We plan to continue working with Adobe to verify additional fixes and test new releases to further improve the security of Reader.
Adobe Reader for Linux users are exposed to all critical vulnerabilities discussed here, until the patched Linux version is released.
Adobe Reader for Windows are currently vulnerable to up to 6 unpatched issues.
Adobe Reader for Mac OS X are currently vulnerable to up to 10 unpatched issues.
We have decided to publish the stack traces of all sixteen crashes affecting Windows and OS X, with the intention of demonstrating the existence and severity of the issues. The call stacks are, however, obfuscated in such a way that the 20 least-significant address bits are masked out together with function symbols and any other meaningful information that might be used by third parties to directly locate the vulnerable code path.
Workarounds and mitigation
Two of the discussed vulnerabilities affecting Reader for Linux have been confirmed to reside in the Annots.api and PPKLite.api plugins, respectively. Since no documented ways of disabling specific plugins are available, users are advised to remove these two files from their /path/to/Adobe/Reader9/Reader/intellinux/plug_ins directory as a workaround for the issues.
There are currently no known workarounds available against any of the remaining unpatched vulnerabilities. If you believe you may be affected, you may wish to do one of the following until the patches have been released:
- Limit the use of Adobe Reader software.
- Or at least, do not open any externally received PDF documents.

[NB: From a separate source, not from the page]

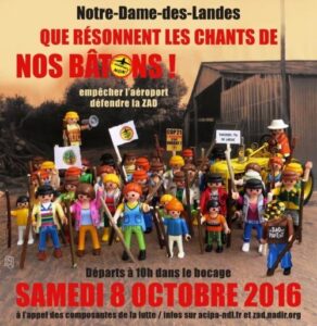 Letzten Herbst sollte die gesamte Zone geräumt werden, um den absurden Flughafenbau zu beginnen. Am 8. Oktober 2016 hatten sich Zehntausende versammelt, um die Entschlossenheit der Bewegung zu demonstrieren. In Anerkennung des Kampfes der Landwirt*innen in den letzten Jahrzehnten brachten tausende Demonstrierende Holzstäbe mit, die sie in der Zone zurückließen als Zeichen eines kollektiven Versprechens. Sie werden zurückkommen und sie aus dem Boden ziehen, um die ZAD zu verteidigen, sobald dies nötig sein wird. Nach einigen spannungsreichen Monaten gab die Regierung den Räumungsplan für diese Saison auf. Die neugewählte Regierung könnte die Zone jedoch in den kommenden Monaten wieder in Räumungsgefahr versetzen.

- Disable the Adobe Reader browser extension for the time being.
Users of Adobe Reader 9.x for Windows who are aware of the risk are advised to upgrade to Adobe Reader X, which provides a sandbox feature, making it more difficult (although not impossible) to exploit these vulnerabilities. Unfortunately, the sandbox feature is not available for the newest versions of Adobe Reader for OS X or Linux.
- June 2012: discovery of the first set of crashes.
- 21st of June 2012: first set of crashes reported to vendor.
- 26th of June 2012: we notify Adobe that all critical crashes would be subject to the 60-day policy.
- 27th of June 2012: second set of crashes reported to vendor.
- July 2012: e-mails back and forth, we are notified not every critical issue would be fixed.
- 14th of August 2012: new version for Windows and OS X released, we publish this post.